Mercadier spoke from the window. On Eleanor’s instructions, he used English, a tongue which no one in Granada understood. ‘It’ll soon be dawn, my queen. Here they open the city gates at cock-crow. We must be gone within the hour.’

  ‘Will you come with me, Moor?’ asked Eleanor. ‘Will you do this thing for me?’

  Yussef raised a hand and indicated the sleeping town outside the window. ‘Here I am rich and respected. Learned men from Syria and Greece and Egypt brave the danger of the long sea voyage to travel here and talk with me. The emir consults me daily and gives praise to Allah for sending him such a vizier as myself. I have but to ask for a thing and my ruler sends men running to satisfy my whim, be it ice from the mountains to cool my drink in summer or a manuscript from Alexandria or far Cathay to quench my thirst for knowledge. He has given me slaves and servants and a house where my library is replete with all the knowledge of past ages. I am known from Marrakesh to the Ganges as Yussef el-Kebir, Joseph the Great. Yet if I come with you, o Queen, I shall be at best a servant and at worst a mere prisoner in your power.’

  ‘You are a prisoner here,’ retorted Eleanor. ‘The emir does not allow you to leave the city gates, for fear his enemies should snatch you away to make gold for them.’

  ‘A prisoner with honour,’ the Moor agreed.
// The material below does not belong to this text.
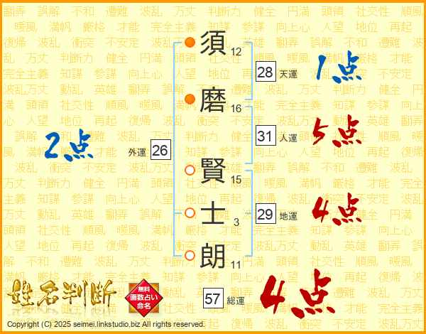 須(12画)磨(16画) 賢(15画)士(3画)朗(11画)
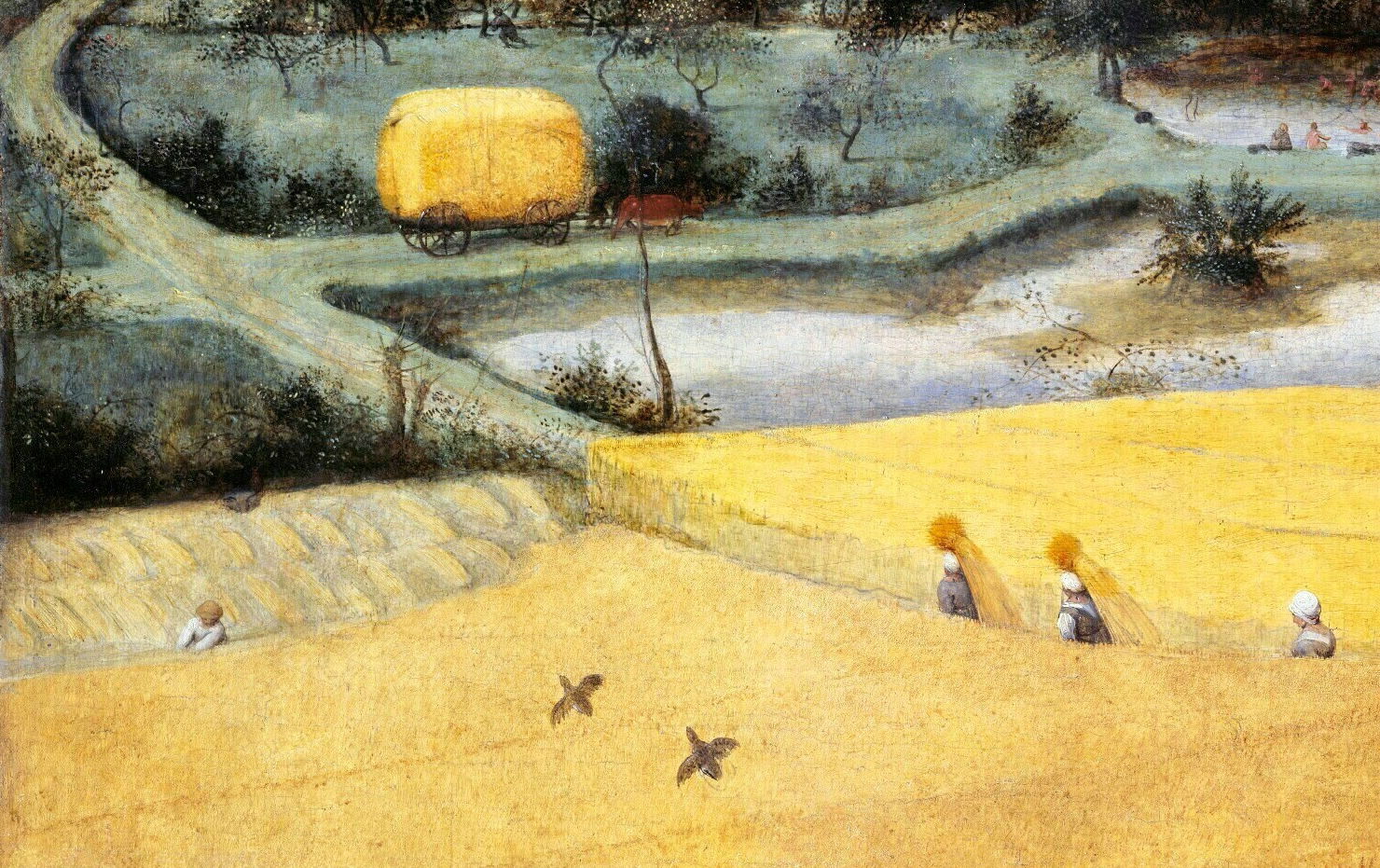 Pieter Bruegel the Elder (c 1525–1569), The Harvesters (detail) (1565), oil on panel, 119 x 162 cm, Metropolitan Museum of Art, New York, NY. Wikimedia Commons.

  ‘I offer you more than honour, Yussef,’ she urged. ‘I offer you the freedom to join me in the greatest adventure the human mind can encompass. And if wealth matters to you, the treasure of Châlus is yours for helping me on my way. You have my word on it!’

  ‘Should I trust the word of a Christian and a woman at that?’

  ‘I’ll swear it on the Cross!’

  Yussef snorted his derision. ‘Melek Ric wore the Cross on both his chest and his back when he murdered the innocents at Acre.’

  ‘Perhaps I misjudged you, Moor,’ said Eleanor. ‘Perhaps you’re not the man to do what I ask. Perhaps indeed it can’t be done by any mortal man.’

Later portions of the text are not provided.